* **What is expected**:
Would you please copy each line below that includes the string "Saudi"?

* **Working data**:
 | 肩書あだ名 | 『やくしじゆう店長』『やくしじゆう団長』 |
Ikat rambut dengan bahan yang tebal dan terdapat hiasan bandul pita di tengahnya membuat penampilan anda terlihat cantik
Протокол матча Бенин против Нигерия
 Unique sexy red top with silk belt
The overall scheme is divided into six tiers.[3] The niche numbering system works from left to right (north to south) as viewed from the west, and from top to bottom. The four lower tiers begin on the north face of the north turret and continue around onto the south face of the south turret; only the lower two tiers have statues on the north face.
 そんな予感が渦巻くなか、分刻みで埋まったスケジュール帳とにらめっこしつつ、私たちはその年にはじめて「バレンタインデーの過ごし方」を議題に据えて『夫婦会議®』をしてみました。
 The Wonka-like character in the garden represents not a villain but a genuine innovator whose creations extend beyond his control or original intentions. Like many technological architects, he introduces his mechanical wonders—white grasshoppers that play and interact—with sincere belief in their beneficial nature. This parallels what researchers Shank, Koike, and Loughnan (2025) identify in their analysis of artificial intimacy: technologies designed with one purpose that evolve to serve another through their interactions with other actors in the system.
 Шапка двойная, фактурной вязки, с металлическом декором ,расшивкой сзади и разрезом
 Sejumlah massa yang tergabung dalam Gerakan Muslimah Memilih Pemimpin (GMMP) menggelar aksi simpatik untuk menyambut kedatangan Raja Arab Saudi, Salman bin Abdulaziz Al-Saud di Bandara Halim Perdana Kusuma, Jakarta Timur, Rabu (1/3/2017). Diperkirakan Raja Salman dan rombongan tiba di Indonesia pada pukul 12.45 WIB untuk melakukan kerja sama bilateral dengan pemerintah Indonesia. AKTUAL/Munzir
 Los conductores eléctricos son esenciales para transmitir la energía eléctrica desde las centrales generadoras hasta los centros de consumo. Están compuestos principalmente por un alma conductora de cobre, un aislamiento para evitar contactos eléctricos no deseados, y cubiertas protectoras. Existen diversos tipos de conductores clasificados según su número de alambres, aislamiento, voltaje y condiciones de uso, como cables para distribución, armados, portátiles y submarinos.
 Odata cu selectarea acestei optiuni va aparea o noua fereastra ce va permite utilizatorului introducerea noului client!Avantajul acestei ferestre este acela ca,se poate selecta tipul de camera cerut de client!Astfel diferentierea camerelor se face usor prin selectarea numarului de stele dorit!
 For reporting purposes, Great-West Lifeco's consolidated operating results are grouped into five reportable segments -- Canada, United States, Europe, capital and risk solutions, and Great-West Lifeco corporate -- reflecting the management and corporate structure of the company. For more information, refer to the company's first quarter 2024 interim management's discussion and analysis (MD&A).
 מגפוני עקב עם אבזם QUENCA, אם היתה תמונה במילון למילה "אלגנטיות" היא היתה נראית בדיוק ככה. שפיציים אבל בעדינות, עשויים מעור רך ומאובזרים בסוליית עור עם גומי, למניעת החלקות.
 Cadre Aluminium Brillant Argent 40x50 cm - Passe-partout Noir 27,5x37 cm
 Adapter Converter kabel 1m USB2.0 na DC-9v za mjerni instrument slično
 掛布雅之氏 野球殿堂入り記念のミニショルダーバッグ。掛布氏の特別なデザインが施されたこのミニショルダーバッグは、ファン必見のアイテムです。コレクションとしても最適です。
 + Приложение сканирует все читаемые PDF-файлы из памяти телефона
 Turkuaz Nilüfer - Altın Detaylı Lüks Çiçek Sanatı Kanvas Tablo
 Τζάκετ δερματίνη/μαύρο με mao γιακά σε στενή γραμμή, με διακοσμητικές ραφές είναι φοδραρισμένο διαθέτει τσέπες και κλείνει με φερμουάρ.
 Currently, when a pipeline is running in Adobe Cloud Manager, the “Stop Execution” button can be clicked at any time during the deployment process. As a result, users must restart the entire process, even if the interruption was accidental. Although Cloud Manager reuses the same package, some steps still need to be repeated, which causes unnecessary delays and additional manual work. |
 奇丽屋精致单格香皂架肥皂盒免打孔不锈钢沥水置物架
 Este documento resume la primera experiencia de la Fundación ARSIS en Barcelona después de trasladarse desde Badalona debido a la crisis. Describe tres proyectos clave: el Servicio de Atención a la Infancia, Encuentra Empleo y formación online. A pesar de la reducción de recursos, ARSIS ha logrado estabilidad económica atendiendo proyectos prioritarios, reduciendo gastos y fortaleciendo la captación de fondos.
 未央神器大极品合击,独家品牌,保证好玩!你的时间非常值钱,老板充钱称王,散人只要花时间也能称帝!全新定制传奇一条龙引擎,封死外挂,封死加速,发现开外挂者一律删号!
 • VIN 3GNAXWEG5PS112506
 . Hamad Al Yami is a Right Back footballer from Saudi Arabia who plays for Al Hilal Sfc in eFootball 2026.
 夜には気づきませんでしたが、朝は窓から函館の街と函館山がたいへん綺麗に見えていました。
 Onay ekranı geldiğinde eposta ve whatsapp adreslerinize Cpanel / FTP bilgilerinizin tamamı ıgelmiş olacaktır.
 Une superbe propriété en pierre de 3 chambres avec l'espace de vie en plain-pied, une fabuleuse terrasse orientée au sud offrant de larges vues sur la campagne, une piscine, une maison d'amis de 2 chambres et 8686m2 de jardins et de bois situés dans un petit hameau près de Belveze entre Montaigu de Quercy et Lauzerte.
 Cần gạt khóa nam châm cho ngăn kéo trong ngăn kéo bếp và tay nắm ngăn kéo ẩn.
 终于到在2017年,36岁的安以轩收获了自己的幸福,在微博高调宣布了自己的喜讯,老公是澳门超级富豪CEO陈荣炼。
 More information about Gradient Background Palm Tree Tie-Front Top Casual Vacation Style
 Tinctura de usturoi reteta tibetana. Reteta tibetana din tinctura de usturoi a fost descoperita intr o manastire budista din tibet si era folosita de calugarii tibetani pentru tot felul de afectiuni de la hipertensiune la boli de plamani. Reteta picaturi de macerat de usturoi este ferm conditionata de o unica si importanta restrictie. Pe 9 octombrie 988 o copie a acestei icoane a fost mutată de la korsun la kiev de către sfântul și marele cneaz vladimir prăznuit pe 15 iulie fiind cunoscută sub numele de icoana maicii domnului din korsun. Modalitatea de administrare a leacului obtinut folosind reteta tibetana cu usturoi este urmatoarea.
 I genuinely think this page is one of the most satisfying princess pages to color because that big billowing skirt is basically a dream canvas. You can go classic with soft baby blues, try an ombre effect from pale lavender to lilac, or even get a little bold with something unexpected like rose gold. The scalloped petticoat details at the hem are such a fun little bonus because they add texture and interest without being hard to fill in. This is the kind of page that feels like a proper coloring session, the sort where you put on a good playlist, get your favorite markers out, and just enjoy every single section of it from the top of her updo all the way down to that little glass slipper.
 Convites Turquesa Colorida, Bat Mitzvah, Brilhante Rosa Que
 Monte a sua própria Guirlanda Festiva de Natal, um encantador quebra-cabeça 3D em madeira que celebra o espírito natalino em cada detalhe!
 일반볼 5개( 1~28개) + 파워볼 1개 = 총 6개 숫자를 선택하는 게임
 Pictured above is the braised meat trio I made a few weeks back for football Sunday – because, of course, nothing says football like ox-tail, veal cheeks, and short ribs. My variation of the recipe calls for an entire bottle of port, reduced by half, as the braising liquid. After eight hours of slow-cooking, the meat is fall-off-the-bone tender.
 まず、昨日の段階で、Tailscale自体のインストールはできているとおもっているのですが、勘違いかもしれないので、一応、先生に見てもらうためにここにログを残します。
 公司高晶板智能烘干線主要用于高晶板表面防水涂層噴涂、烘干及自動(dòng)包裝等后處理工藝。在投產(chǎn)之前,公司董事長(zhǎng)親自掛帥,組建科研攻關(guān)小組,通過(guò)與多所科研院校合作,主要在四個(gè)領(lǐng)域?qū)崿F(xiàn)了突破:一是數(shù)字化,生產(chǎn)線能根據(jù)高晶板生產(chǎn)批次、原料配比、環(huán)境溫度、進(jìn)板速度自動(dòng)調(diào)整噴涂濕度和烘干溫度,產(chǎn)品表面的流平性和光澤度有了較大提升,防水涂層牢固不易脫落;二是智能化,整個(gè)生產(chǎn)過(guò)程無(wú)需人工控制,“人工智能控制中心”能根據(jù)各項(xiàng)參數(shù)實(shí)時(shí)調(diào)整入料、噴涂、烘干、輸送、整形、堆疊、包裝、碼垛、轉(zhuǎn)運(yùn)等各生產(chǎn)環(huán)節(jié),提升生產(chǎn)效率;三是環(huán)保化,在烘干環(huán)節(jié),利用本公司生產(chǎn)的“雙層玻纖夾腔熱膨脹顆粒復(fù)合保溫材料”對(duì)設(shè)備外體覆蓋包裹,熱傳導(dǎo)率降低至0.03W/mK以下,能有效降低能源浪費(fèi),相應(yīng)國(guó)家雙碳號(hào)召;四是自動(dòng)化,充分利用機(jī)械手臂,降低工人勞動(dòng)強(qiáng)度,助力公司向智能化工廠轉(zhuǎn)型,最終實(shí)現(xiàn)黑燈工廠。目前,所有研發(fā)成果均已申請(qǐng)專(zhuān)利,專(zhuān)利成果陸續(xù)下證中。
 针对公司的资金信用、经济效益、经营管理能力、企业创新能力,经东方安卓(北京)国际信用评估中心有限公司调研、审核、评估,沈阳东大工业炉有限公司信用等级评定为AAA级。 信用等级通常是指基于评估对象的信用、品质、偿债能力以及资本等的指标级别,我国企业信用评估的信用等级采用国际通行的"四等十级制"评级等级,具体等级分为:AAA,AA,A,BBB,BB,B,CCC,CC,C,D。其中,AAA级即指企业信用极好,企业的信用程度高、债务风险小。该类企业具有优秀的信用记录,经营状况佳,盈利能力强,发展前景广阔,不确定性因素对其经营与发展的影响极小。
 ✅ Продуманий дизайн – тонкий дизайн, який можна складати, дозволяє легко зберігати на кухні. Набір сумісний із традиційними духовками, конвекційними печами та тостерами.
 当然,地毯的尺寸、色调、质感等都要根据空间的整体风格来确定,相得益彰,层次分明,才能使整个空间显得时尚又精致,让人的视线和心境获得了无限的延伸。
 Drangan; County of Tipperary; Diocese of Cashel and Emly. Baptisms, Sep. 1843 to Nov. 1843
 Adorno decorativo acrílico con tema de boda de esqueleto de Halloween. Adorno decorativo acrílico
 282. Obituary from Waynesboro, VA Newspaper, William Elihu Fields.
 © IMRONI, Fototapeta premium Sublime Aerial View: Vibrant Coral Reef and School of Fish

* **Exercise response**:
 Sejumlah massa yang tergabung dalam Gerakan Muslimah Memilih Pemimpin (GMMP) menggelar aksi simpatik untuk menyambut kedatangan Raja Arab Saudi, Salman bin Abdulaziz Al-Saud di Bandara Halim Perdana Kusuma, Jakarta Timur, Rabu (1/3/2017). Diperkirakan Raja Salman dan rombongan tiba di Indonesia pada pukul 12.45 WIB untuk melakukan kerja sama bilateral dengan pemerintah Indonesia. AKTUAL/Munzir
 . Hamad Al Yami is a Right Back footballer from Saudi Arabia who plays for Al Hilal Sfc in eFootball 2026.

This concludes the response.